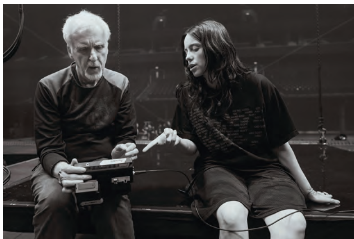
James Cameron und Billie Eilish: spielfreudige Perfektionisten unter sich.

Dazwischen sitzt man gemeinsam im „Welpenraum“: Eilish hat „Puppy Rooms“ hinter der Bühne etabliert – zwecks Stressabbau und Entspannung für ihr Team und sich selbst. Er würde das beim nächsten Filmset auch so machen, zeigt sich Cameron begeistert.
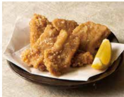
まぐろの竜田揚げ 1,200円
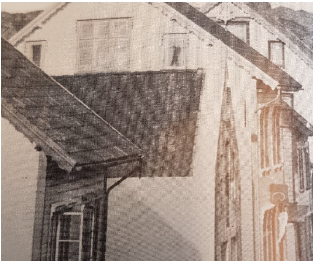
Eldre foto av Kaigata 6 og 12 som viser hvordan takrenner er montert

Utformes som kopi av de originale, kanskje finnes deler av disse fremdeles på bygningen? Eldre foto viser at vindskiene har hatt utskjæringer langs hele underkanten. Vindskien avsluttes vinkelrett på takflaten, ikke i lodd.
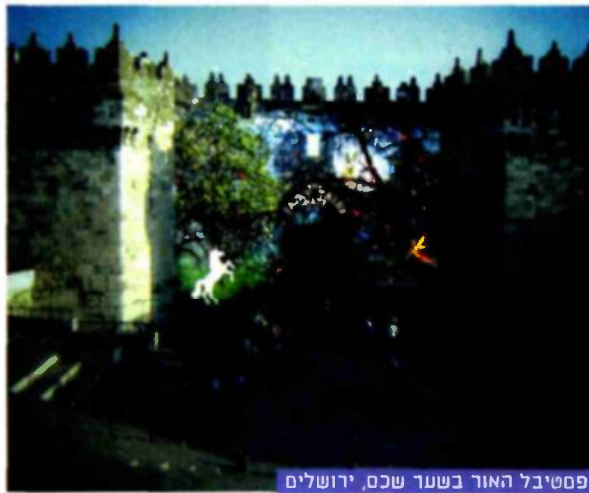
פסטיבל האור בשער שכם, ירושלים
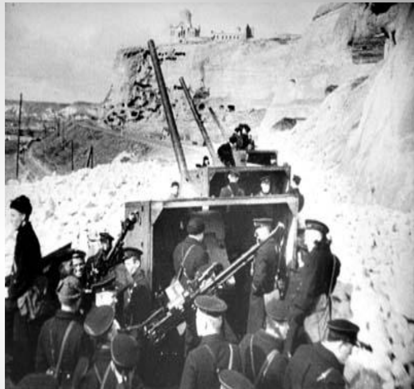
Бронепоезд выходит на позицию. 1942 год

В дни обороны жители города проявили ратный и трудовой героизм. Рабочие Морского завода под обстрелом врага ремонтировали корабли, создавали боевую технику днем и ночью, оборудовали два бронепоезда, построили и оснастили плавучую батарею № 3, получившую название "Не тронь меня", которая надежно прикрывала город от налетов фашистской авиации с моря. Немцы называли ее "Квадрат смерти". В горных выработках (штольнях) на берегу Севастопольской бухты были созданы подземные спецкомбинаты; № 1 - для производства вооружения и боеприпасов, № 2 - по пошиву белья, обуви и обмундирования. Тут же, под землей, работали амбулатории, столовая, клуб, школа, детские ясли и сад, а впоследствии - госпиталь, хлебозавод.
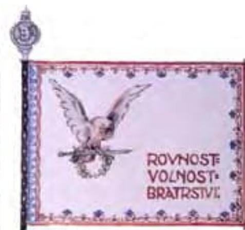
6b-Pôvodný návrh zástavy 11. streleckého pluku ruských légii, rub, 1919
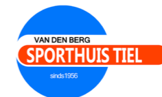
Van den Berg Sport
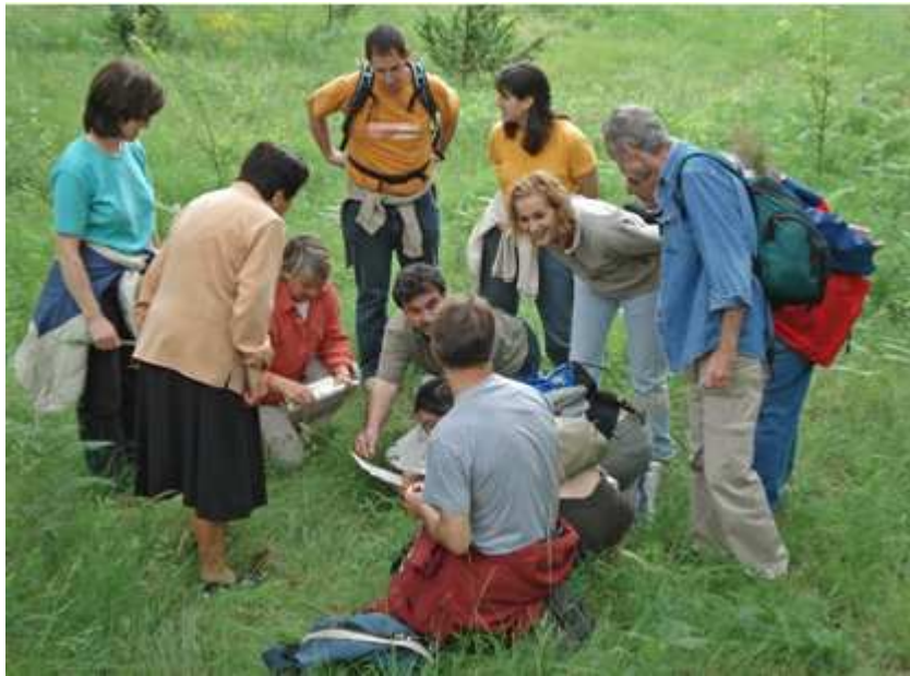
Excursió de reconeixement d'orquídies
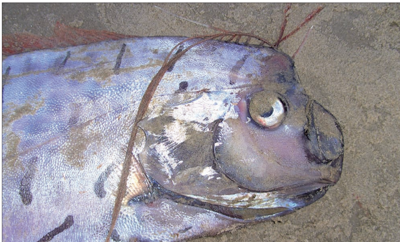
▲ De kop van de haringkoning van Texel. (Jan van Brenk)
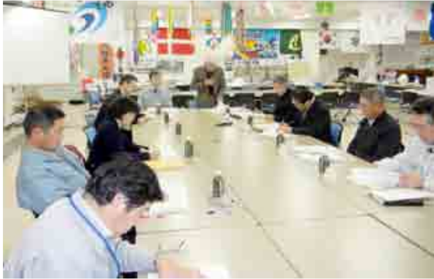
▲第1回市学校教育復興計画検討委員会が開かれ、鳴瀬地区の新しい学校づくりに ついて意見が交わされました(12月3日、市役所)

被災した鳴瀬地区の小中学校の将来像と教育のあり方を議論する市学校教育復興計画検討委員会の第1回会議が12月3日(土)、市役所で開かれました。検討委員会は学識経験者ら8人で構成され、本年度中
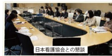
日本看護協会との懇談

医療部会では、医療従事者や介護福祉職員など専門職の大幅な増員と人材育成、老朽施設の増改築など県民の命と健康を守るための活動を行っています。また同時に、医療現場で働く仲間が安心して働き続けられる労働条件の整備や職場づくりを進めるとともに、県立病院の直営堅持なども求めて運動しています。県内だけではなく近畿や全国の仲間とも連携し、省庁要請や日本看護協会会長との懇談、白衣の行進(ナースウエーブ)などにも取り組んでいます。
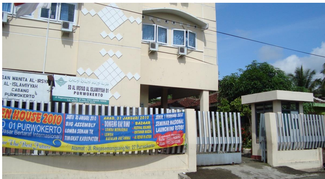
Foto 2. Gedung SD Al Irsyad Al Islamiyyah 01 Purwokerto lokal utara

_ _ _ _ _ _ _

__Goal of the exercise__: Without any pictures, return the entries exactly as given.

__Task solution__:
James Cameron und Billie Eilish: spielfreudige Perfektionisten unter sich.

Dazwischen sitzt man gemeinsam im „Welpenraum“: Eilish hat „Puppy Rooms“ hinter der Bühne etabliert – zwecks Stressabbau und Entspannung für ihr Team und sich selbst. Er würde das beim nächsten Filmset auch so machen, zeigt sich Cameron begeistert.
まぐろの竜田揚げ 1,200円
Eldre foto av Kaigata 6 og 12 som viser hvordan takrenner er montert

Utformes som kopi av de originale, kanskje finnes deler av disse fremdeles på bygningen? Eldre foto viser at vindskiene har hatt utskjæringer langs hele underkanten. Vindskien avsluttes vinkelrett på takflaten, ikke i lodd.
פסטיבל האור בשער שכם, ירושלים
Бронепоезд выходит на позицию. 1942 год

В дни обороны жители города проявили ратный и трудовой героизм. Рабочие Морского завода под обстрелом врага ремонтировали корабли, создавали боевую технику днем и ночью, оборудовали два бронепоезда, построили и оснастили плавучую батарею № 3, получившую название "Не тронь меня", которая надежно прикрывала город от налетов фашистской авиации с моря. Немцы называли ее "Квадрат смерти". В горных выработках (штольнях) на берегу Севастопольской бухты были созданы подземные спецкомбинаты; № 1 - для производства вооружения и боеприпасов, № 2 - по пошиву белья, обуви и обмундирования. Тут же, под землей, работали амбулатории, столовая, клуб, школа, детские ясли и сад, а впоследствии - госпиталь, хлебозавод.
6b-Pôvodný návrh zástavy 11. streleckého pluku ruských légii, rub, 1919
Van den Berg Sport
Excursió de reconeixement d'orquídies
▲ De kop van de haringkoning van Texel. (Jan van Brenk)
▲第1回市学校教育復興計画検討委員会が開かれ、鳴瀬地区の新しい学校づくりに ついて意見が交わされました(12月3日、市役所)

被災した鳴瀬地区の小中学校の将来像と教育のあり方を議論する市学校教育復興計画検討委員会の第1回会議が12月3日(土)、市役所で開かれました。検討委員会は学識経験者ら8人で構成され、本年度中
日本看護協会との懇談

医療部会では、医療従事者や介護福祉職員など専門職の大幅な増員と人材育成、老朽施設の増改築など県民の命と健康を守るための活動を行っています。また同時に、医療現場で働く仲間が安心して働き続けられる労働条件の整備や職場づくりを進めるとともに、県立病院の直営堅持なども求めて運動しています。県内だけではなく近畿や全国の仲間とも連携し、省庁要請や日本看護協会会長との懇談、白衣の行進(ナースウエーブ)などにも取り組んでいます。
Foto 2. Gedung SD Al Irsyad Al Islamiyyah 01 Purwokerto lokal utara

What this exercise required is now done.